The development of the placenta, which is connected to trophoblast function, angiogenesis, endothelial damage, inflammation, ferroptosis, etc., is significantly influenced by ROS (reactive oxygen species) [26] [27] [28]. The hypoxic environment of the placenta increases the production of ROS in the mitochondria, causing PE-like symptoms. This is also demonstrated in a rat PE model by the administration of mitochondrial antioxidants, which can greatly enhance placental blood flow and placental development [29]. In mild PE, mitochondria can adapt by upregulating the oxidative phosphorylation pathway (OXPHOS) and antioxidant activity [30]. The production of ROS and the reduction of antioxidants lead to an imbalance in the body’s oxidative/antioxidant system, leading to maternal inflammation.

Some research also suggests that increased fructose metabolism contributes to the development of PE. When the embryo and placenta are hypoxic in the early stages of pregnancy, fructose is the perfect energy source [31] [32]. In a pregnant woman’s body, any extra glucose is converted to fructose, and the two hexoses are then processed through aerobic glycolysis [33]. Large glucose accumulation in the placenta of PE increases fructose production. In vivo, fructose can be converted to uric acid [34] [35]. Uric acid can impair the aggressiveness of trophoblast cells, disrupt the remodeling of the uterine spiral arteries, hinder placental formation, and lead to ischemic and hypoxic conditions in the placenta. Additionally, ischemia and hypoxia in the fetus and placenta may stimulate the continued production of fructose [36]. This can result in further damage to the placenta, potentially leading it to enter an irreversible state.

Lipid metabolism

In the first and second trimesters of pregnancy, maternal lipid metabolism changes in the direction of promoting synthesis, while in the third trimester of pregnancy maternal lipid metabolism changes in the direction of decomposition [37]. There is a clear correlation between abnormal placental lipid metabolism and abnormal lipase activity and pregnancy disorders, and they are involved in various pregnancy pathologies, such as first-trimester miscarriage, endometrial cancer, and the development of preeclampsia [38] [39] [40] [41]. Patients with PE often have abnormal lipid metabolism before the onset of the disease, such as elevated levels of total cholesterol, non-HDL-C, and triglycerides in the third trimester, and decreased levels of high-density lipoprotein cholesterol (HDL-C). Increased cholesterol and fatty acid biosynthesis and decreased catabolism increase the risk of various metabolic diseases [42], but the pathogenic mechanisms have not been fully elucidated.

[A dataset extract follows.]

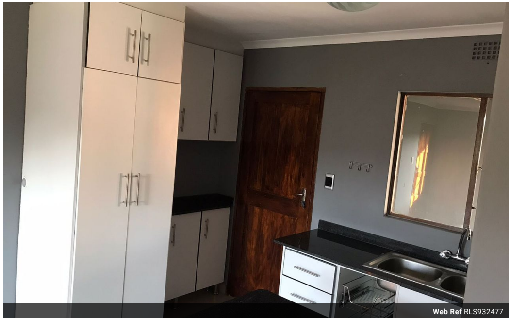
Web Ref RLS932477

Lira Link Rd, Unit 2 Montego Park, Richards Bay Central, Richards Bay, 3900

Cholesterol is one of the important compounds during pregnancy, maintaining the stability of cell membranes and membrane-related signaling pathways, and is also a precursor of bile acid and steroid hormones, which is involved in fetal growth and development. During the first trimester, maternal cholesterol synthesis increases due to changes in hormone levels. Cholesterol is transported from the mother to the fetal circulation through the placenta. High-density lipoprotein cholesterol (HDL-C) levels are transiently elevated during normal pregnancy [43]. Protein ABCA1 (adenosine triphosphate-binding cassette transporter A1) mediates the efflux of cholesterol and other phospholipids, positively influences changes in lipid profiles and is involved in the construction of the HDL molecule [44], and the expression of ABCA1 is reduced in the placenta of preeclampsia [45], so HDL-C levels are reduced in PE placenta compared to non-HDL-C levels, but this result is controversial.

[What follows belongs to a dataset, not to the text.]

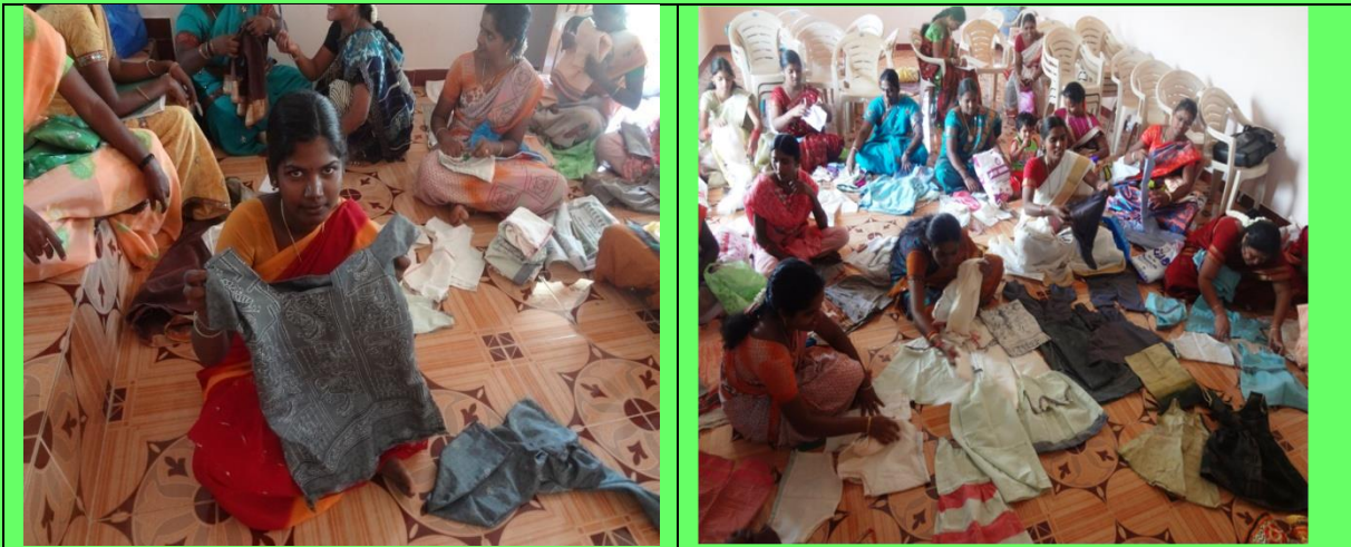
Trainees are seen with finished children's dresses

Lipids and fatty acids are key components in the metabolism of the placenta, which are key elements in metabolic processes and energy production and are involved in the development of the fetus and the maintenance of a normal pregnancy [46]. Excessive free fatty acids in the maternal circulation may be one of the important causes of PE. The normal placenta expresses more estrogen receptor (ER) mRNA, which can counteract the promoting effect of PPARα on fatty acid oxidation [47]. As a result, fatty acid oxidation is inhibited, and the fetus’ supply of fatty acids is enhanced. This is a result of PPARα’s ability to promote CoA synthesis [48]. ER mRNA expression levels, however, did not rise in PE placentas. It is suggested that the placenta in PE patients may be in a state of inadequate energy supply, and that AMPK can be activated by a decrease in intracellular energy status [49], and that PPAR-γ coactivator-1α (PGC-1α) can be phosphorylated to mediate the expression of PPAR target genes. Insulin can reduce PPARα activity through the mTORC1 pathway [21] [49] [50] [51], but in PE, the inhibition will be blocked by an increase in the levels of the ACOT13-PCTP complex and leucine [52] [53] ([Fig. 2]). This leads to increased fat oxidation in the placenta of PE, resulting in an increase in the level of free fatty acids in the maternal circulation.

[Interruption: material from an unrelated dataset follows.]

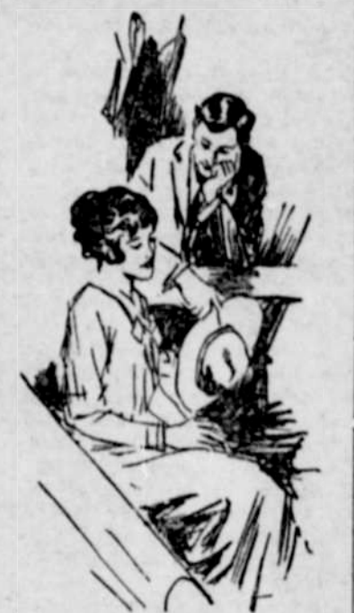
Constance Dropped Her Eyes to Her Clasped Hands.

Even that had passed. A mining camp runs with bewildering speed its course from birth to senile decay. Twenty years of Europe! In a month Cottonwood lived a cycle of Cathay. Before August blew the petals from

Fig. 2 Changes in lipid metabolism in PE. In PE, the content of free fatty acids in the body increases due to the changes in estrogen, insulin, ACOT13-PCTP, leucine, and arginine. ACOT13-PCTP = Acyl-CoA thioesterase 13 and phosphatidylcholine transfer protein complex; CoA = coenzyme A; ER = estrogen receptor; FASN = fatty acid synthase gene; FFA = free fatty acids; mTORC1 = mammalian target of rapamycin complex 1; PPARα = peroxisome proliferator-activated receptor α.

Production of bioactive lipid molecules

Lipid metabolism generates a variety of physiologically active lipid compounds, including eicosanoids, chemerin, sphingolipids, and others, in addition to energy and free fatty acids. Long-chain polyunsaturated fatty acids (LC-PUFAs) of the omega-3 (anti-inflammatory) and omega-6 (pro-inflammatory) series are essential for cellular metabolism and the regulation of gene expression involved in cellular homeostasis [54], and are precursors of eicosanoids, such as prostaglandins (PG), leukotrienes (LT), thromboxanes (TXA2), etc., which are involved in blood pressure regulation and play an important role in the growth and development of the placenta [55]. Decreased levels of omega-3 fatty acids and an increased omega-6/omega-3 ratio in PE mothers [56] may be one of the causes of maternal inflammation and placental dysfunction [57].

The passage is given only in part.